**Activity:** I need an exact copy of the lines from the one containing "Час зберігання домашньої" through the end of the records, without any pictures.
(Working data Opens)
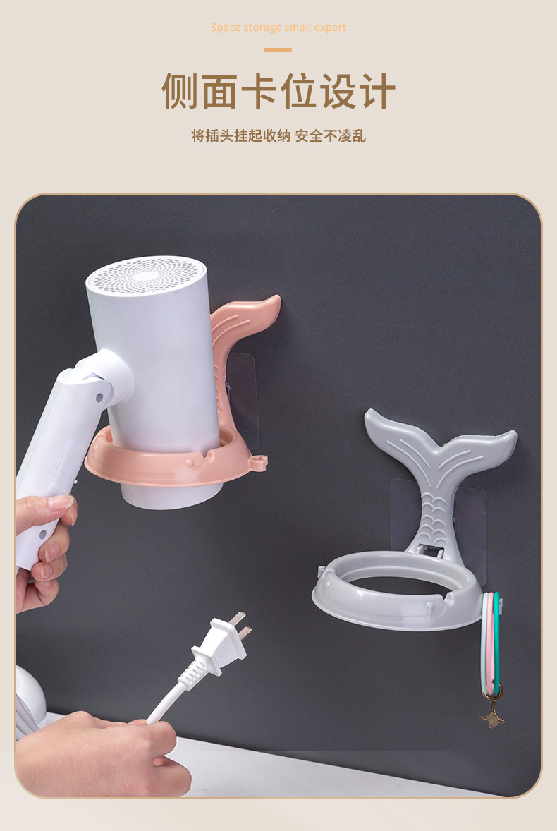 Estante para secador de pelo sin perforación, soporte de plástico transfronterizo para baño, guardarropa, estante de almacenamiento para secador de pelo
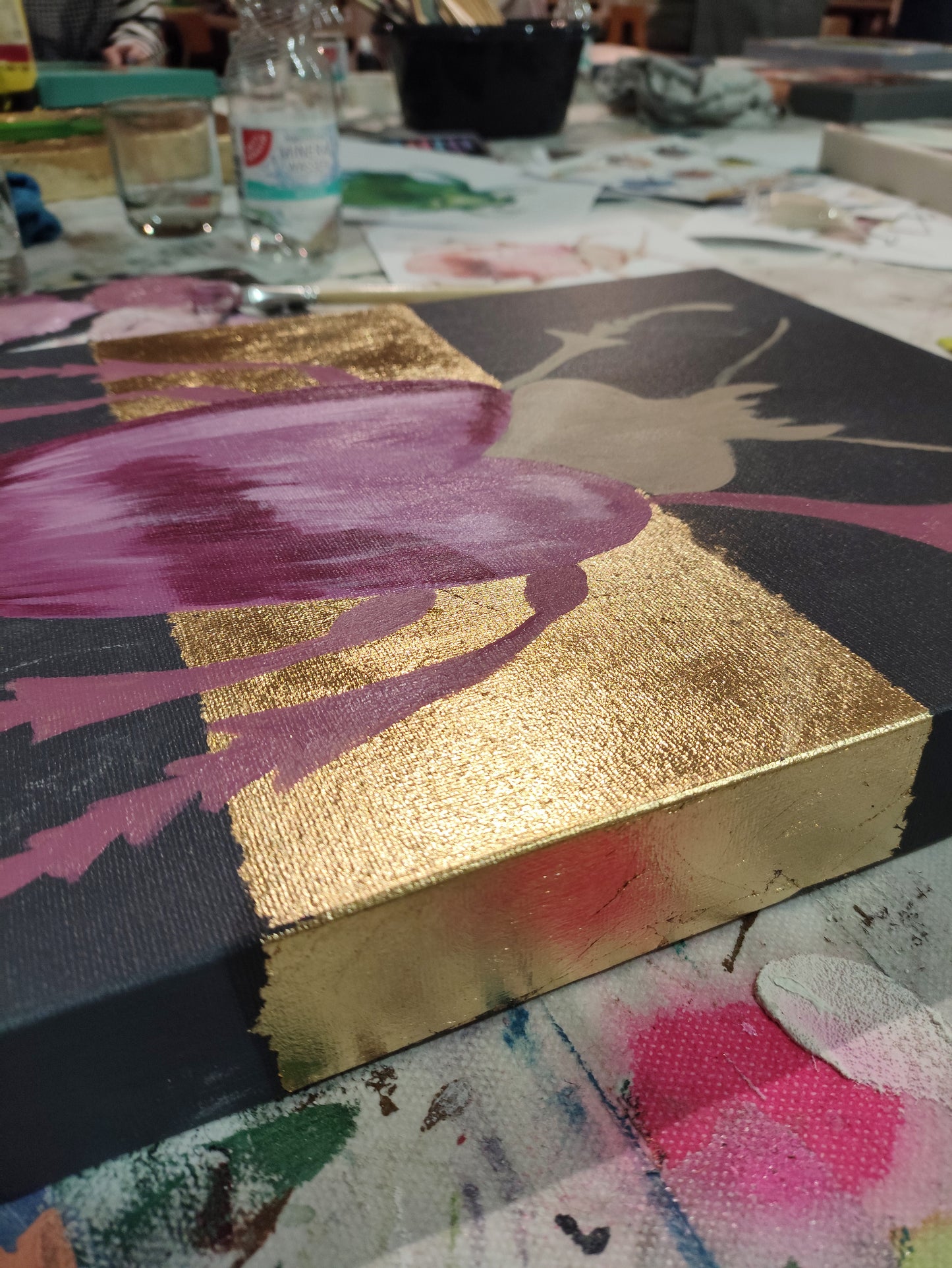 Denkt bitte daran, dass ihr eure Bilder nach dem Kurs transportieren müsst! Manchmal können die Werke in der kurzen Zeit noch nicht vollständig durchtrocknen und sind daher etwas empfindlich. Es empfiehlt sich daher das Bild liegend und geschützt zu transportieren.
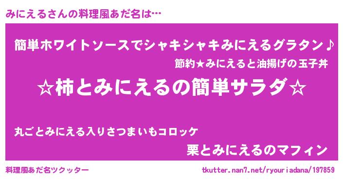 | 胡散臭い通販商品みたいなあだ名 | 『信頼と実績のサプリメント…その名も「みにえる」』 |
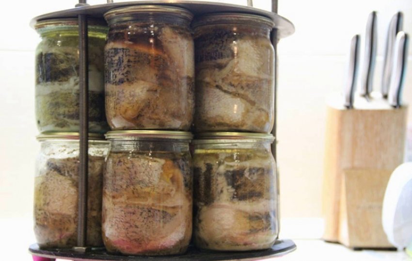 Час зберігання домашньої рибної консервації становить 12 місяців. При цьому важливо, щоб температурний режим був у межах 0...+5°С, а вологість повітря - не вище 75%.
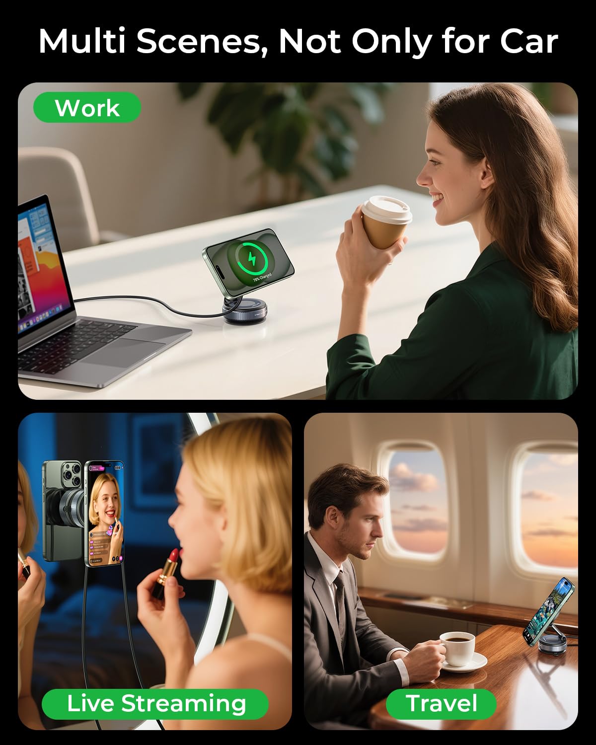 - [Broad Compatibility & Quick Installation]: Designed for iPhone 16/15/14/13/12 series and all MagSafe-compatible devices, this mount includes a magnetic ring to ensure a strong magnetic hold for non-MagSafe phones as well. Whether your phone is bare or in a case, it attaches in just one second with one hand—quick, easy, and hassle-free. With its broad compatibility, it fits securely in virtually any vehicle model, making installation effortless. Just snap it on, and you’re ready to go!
(Working data Closes)
**Reply to the task:**
 Час зберігання домашньої рибної консервації становить 12 місяців. При цьому важливо, щоб температурний режим був у межах 0...+5°С, а вологість повітря - не вище 75%.
 - [Broad Compatibility & Quick Installation]: Designed for iPhone 16/15/14/13/12 series and all MagSafe-compatible devices, this mount includes a magnetic ring to ensure a strong magnetic hold for non-MagSafe phones as well. Whether your phone is bare or in a case, it attaches in just one second with one hand—quick, easy, and hassle-free. With its broad compatibility, it fits securely in virtually any vehicle model, making installation effortless. Just snap it on, and you’re ready to go!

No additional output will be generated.